In der Diskussion zeigten sich manche Zuhörer zwar über die fehlende Quantifizierbarkeit
eines Gesundheitsrisikos durch Schimmelpilze enttäuscht, akzeptierten aber die vorgestellten
Arbeitsgänge und insbesondere die Bedeutung der Prävention. Dankbar aufgenommen
wurden Empfehlungen zur Einbeziehung der Betriebsärzte bei der Betreuung der Mitarbeiter.
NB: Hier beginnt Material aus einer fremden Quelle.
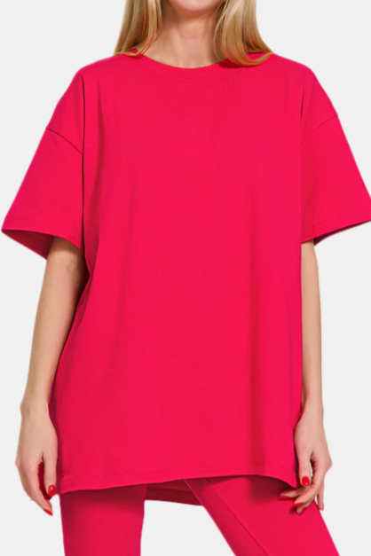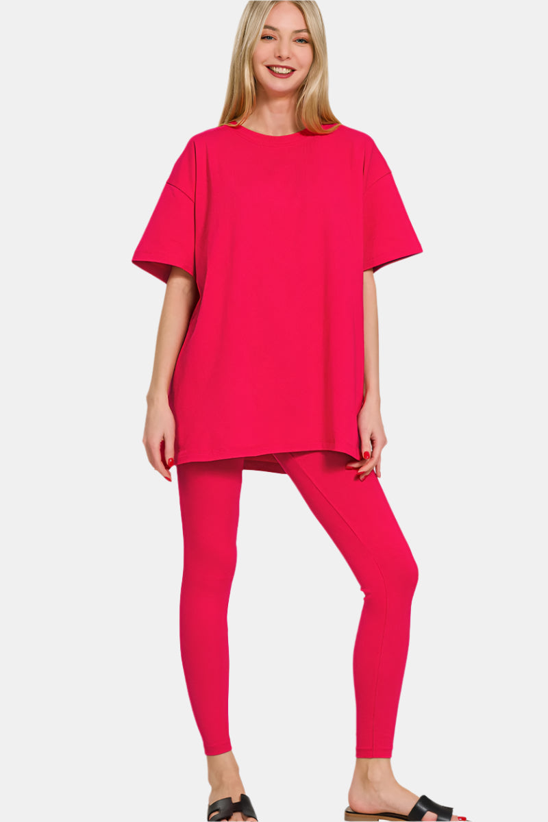 The soft comfort of this cotton set combines a short-sleeve oversized T-shirt with cozy leggings and easily goes from catching some Z's to weekend lounging.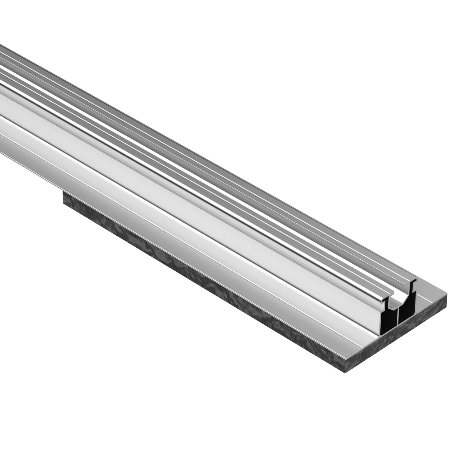 ProductbeschrijvingRutschfestes, Alu-kaschiertes Trägerprofil zum Montieren von Photovoltaik-Modulen auf Flachdächern. Basis zur Aufnahme von kurzen und langen Stützen STK AD, STLS AD sowie STLWO AD. Schraubbare Längsverbindung mehrerer Trägerprofile mit Längsverbinder LV 35.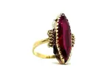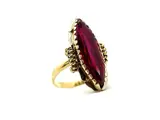 Bezel bezet met een grote marquise geslepen synthetische robijn van het Verneuil-type van ongeveer 7,25 karaat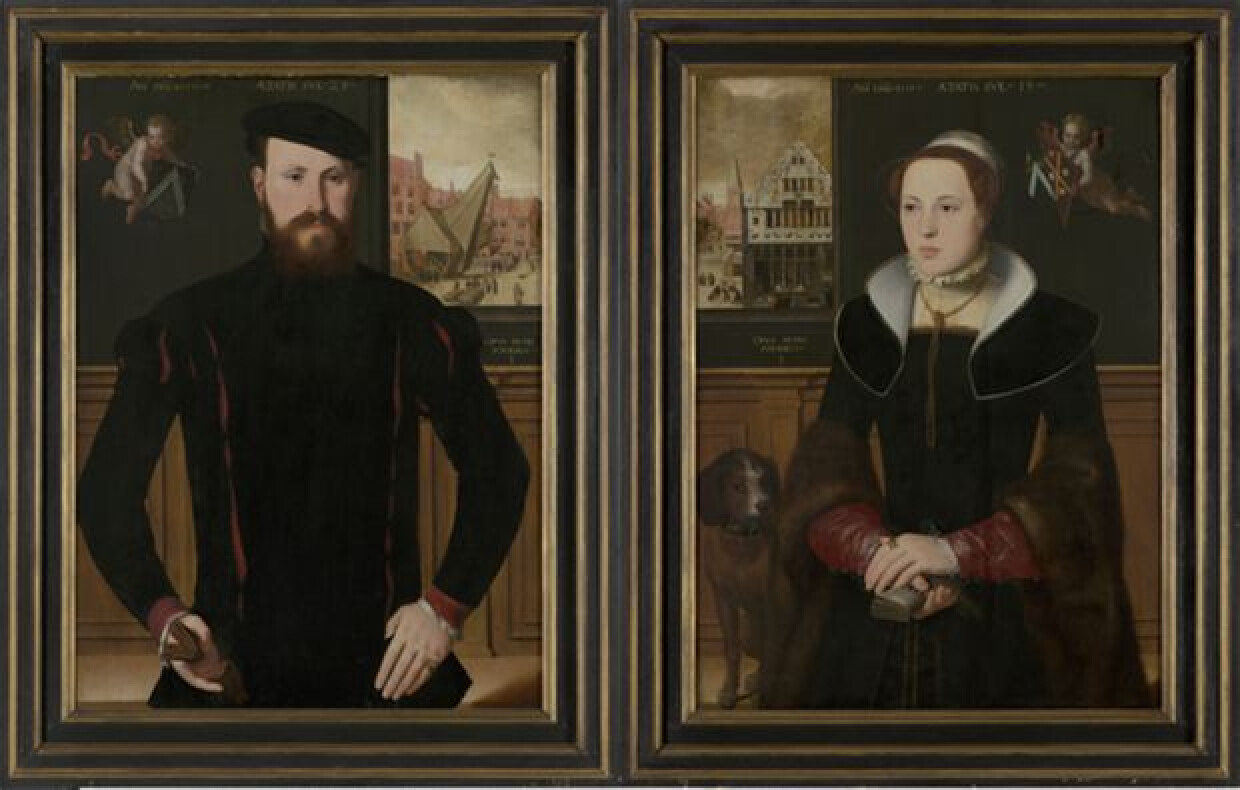 16de eeuwDeze twee portretten vormen een losse diptiek. Het echtpaar trouwde in 1551 of 1552 en liet zich ter gelegenheid van deze plechtigheid vereeuwigen in dit huwelijksportret. Jan van Eyewerve is strak frontaal en in een driekwart positie voorgesteld. Hij houdt de ellebogen uiteen. Dankzij zijn handschoen weet hij zijn rechterhand een elegante houding te geven. Aan de pink van zijn linkerhand bemerken we twee ringen. Zijn kledij is rijk maar sober. Uit het geheel kon opgemaakt worden dat hij behoort tot de welgestelde Brugse burgerij. De man bevindt zich in een vertrek op de verdieping van een huis in de Vlamingstraat te Brugge. De binnenruimte van de kamer wordt gesuggereerd door een achterwand met een smalle muurbank en een sobere renaissance lambrizering. Links boven draagt een putto zijn wapenschild. Het schilderij wordt links boven gedateerd en midden boven wordt de leeftijd van de man vermeld. Rechts boven biedt een raam uitzicht op de Kraanplaats en de Vlamingbrug. Links bevindt zich het Weeghuis en centraal op het plein staat de houten hijskraan "Craene" met bovenop de afbeelding van een kraanvogel. De stadswerklieden die het werktuig bedienen, rusten uit op de rand van het rad. Baliekluivers hangen over de kademuren en een sjouwer stoot zijn kruiwagen. Twee broeders van het Sint-Janshospitaal houden het toezicht bij het lossen van de wijn, waarvan zij een beker aangeboden krijgen; een bedelmonnik loopt voorbij. Alles gaat verder op het pendant waarop Jacquemyne Buuck is afgebeeld tot juist onder de heup en staat lichtjes naar haar echtgenoot toegekeerd. Deze afgewende houding accentueert de elegantie van de man. Ze houdt beide handen die formeel over elkaar zijn gevouwen ter hoogte van de schoot. Aan de wijsvinger van haar linkerhand prijken twee ringen. In de rechterhand houdt de vrouw haar handschoenen en een paternoster. Ze bevindt zich samen met haar echtgenoot Jan van Eyewerve in de zelfde ruimte op de verdieping van een woning in de Vlamingstraat te Brugge. De binnenruimte van de kamer wordt hier gesuggereerd door een achterwand met een smalle muurbank en een sobere renaissance lambrisering. De vrouw is net als haar echtgenoot donker gekleed. Ze draagt een hoog aansluitend, fijn geborduurd hemd met een gepijpt kraagje. Een stijve schouderkap, met wit damast gevoerd en afgezoomd met kant, hangt over haar schouders. De mouwen van het kleed zijn op driekwartlengte afgewerkt met bont, waaruit karmozijnen ondermouwen, met fijne kanten manchetten, te voorschijn komen. Op het hoofd draagt zij een ragfijne kanten muts die met een lint onder de kin is geknoopt. Rond de hals draagt zij een lange geknoopte ketting. Naast haar op de bank zit een hond als een levend symbool van de huwelijkstrouw. Het dier draagt een brede halsband versierd met een koperen ring, bel en een leeuwenkop. Rechts boven draagt een putto haar wapenschild. Het schilderij wordt gedateerd en ernaast wordt ook de leeftijd van de vrouw vermeld. Links onder het venster signeerde de kunstenaar met zijn naam en zijn huismerk. Links biedt het venster uitzicht op de Vlamingbrug en het huis De Haene. Het jaartal 1542, wapenschild en motto Plus Oultre van Karel V zijn leesbaar tussen de verschillende versierselen. Op de uitstalbank zien we vreemde koopwaar; helemaal vooraan koopt een broeder iets van een marktkramer. Naast het huis spelen kinderen met enorme dobbelstenen. Over de Kraanbrug zien we de toren van de St.-Janskerk en verder nog, aan de overzijde van het St.-Jansplein, het huis de Croone, eveneens getuige van de wijnhandel in Brugge.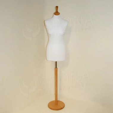 aranžérská panna FIDIA dámská, světlý potah, kruhový stojan,bílé dřevo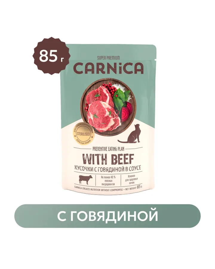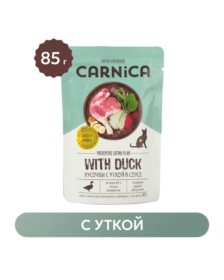 Корм для котят Carnica 85г полнорационный кусочки в соусе с курицей консервированныйОтличный корм Нашим питомцам,очень нравится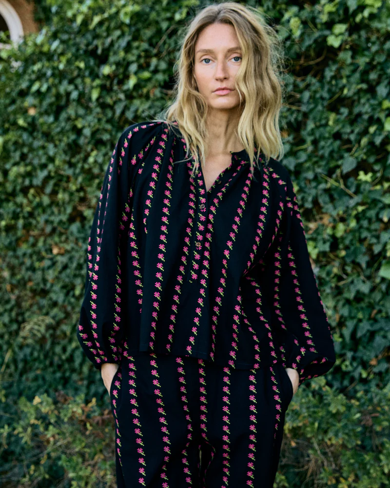 Blusa confeccionada en algodón de popelin con un corte clásico recto y detalle de pañoleta al cuello.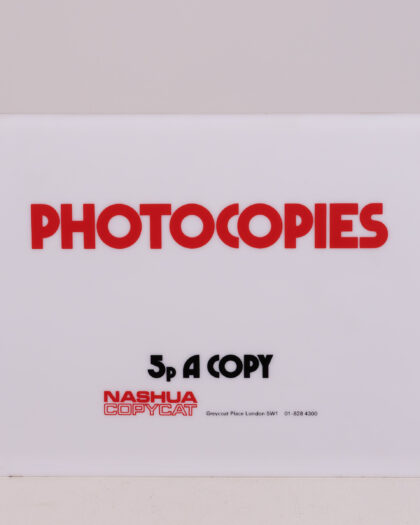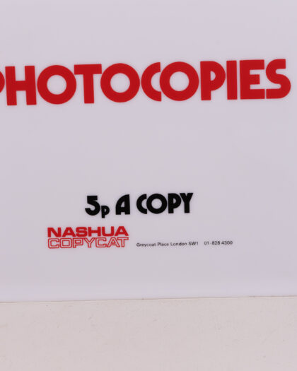 Add a touch of retro flair to your workspace with this vintage Nashua Copycat 'Photocopies' sign. The sign features bold red lettering against a white background, advertising 'Photocopies 5p A Copy.' This sign dates back to when the company was at Greycoat Place, London. The sign's design offers a nostalgic nod to the past, capturing the essence of the era. It is made of durable plastic. This vintage sign is in good condition. It is ready to be displayed and admired. It is a piece of history that brings a touch of vintage charm to any environment.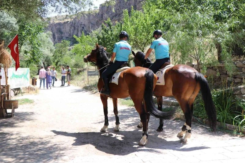 Aksaray’da 14 kilometrelik uzunluğuyla dünyanın en büyük kanyonları arasında yer alan Ihlara Vadisi’nde güvenlik atlı jandarma timleri tarafından sağlanıyor.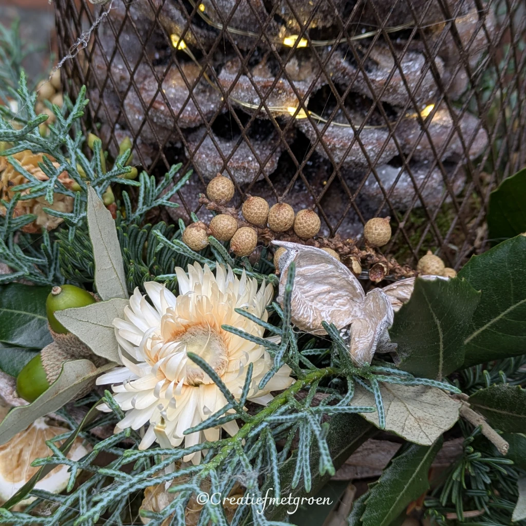 In het pakket zitten alle materialen die nodig zijn om het bloemstuk te maken!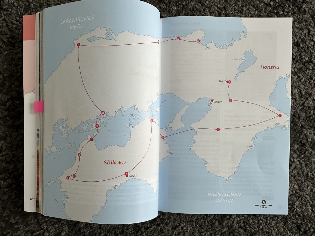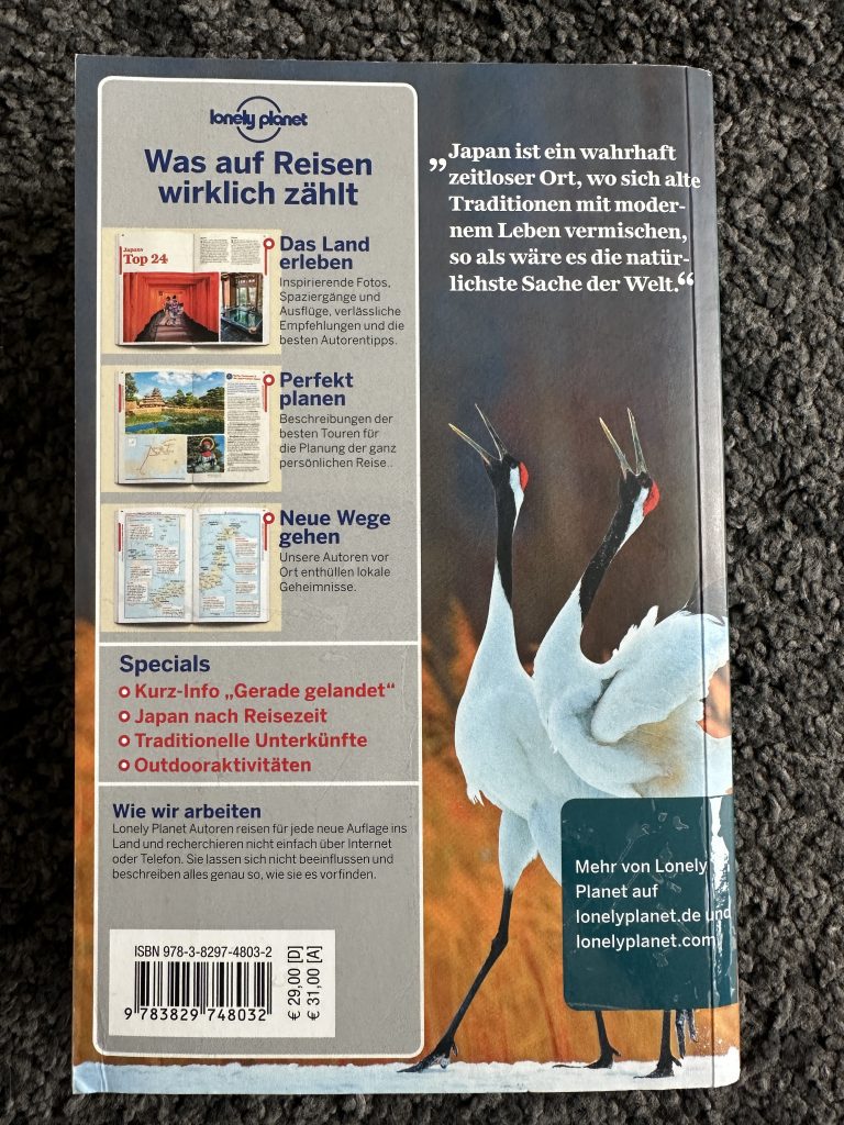 Für mehr Details in den verschieden Regionen, Orten und Städten haben wir uns auch noch den Japan Reiseführer von „lonely planet“ geholt. ISBN: 978-3-8297-4803-2

Als weiteren Höhepunkt des Seminars empfanden viele Teilnehmer den ausführlichen
praktischen Teil, in dem Fragen zur Schimmelerkennung, zum Arbeitsschutz, zu
Sofortmaßnahmen, Feuchtemessung und Trockenreinigung in kleinen Gruppen an OriginalArchivalien und Büchern diskutiert werden konnten. Die Praxis-Workshops wurden von
Restauratorinnen und Restauratoren des Instituts für Erhaltung (Cornelia B a n d o w, Kerstin
F o r s t m e y e r, Andreas K i e f f e r und Andrea R e n d l e r) betreut.
Die Resonanz auf das Seminar war sehr gut; vom Aufnahmevermögen der Teilnehmer waren
alle Institutsangehörigen überrascht, als die Gäste nach der Abschlussbesprechung ohne
Mittagspause noch weitere zwei Stunden durch die Werkstätten der Verfilmung und
Restaurierung geführt werden wollten – und durchhielten.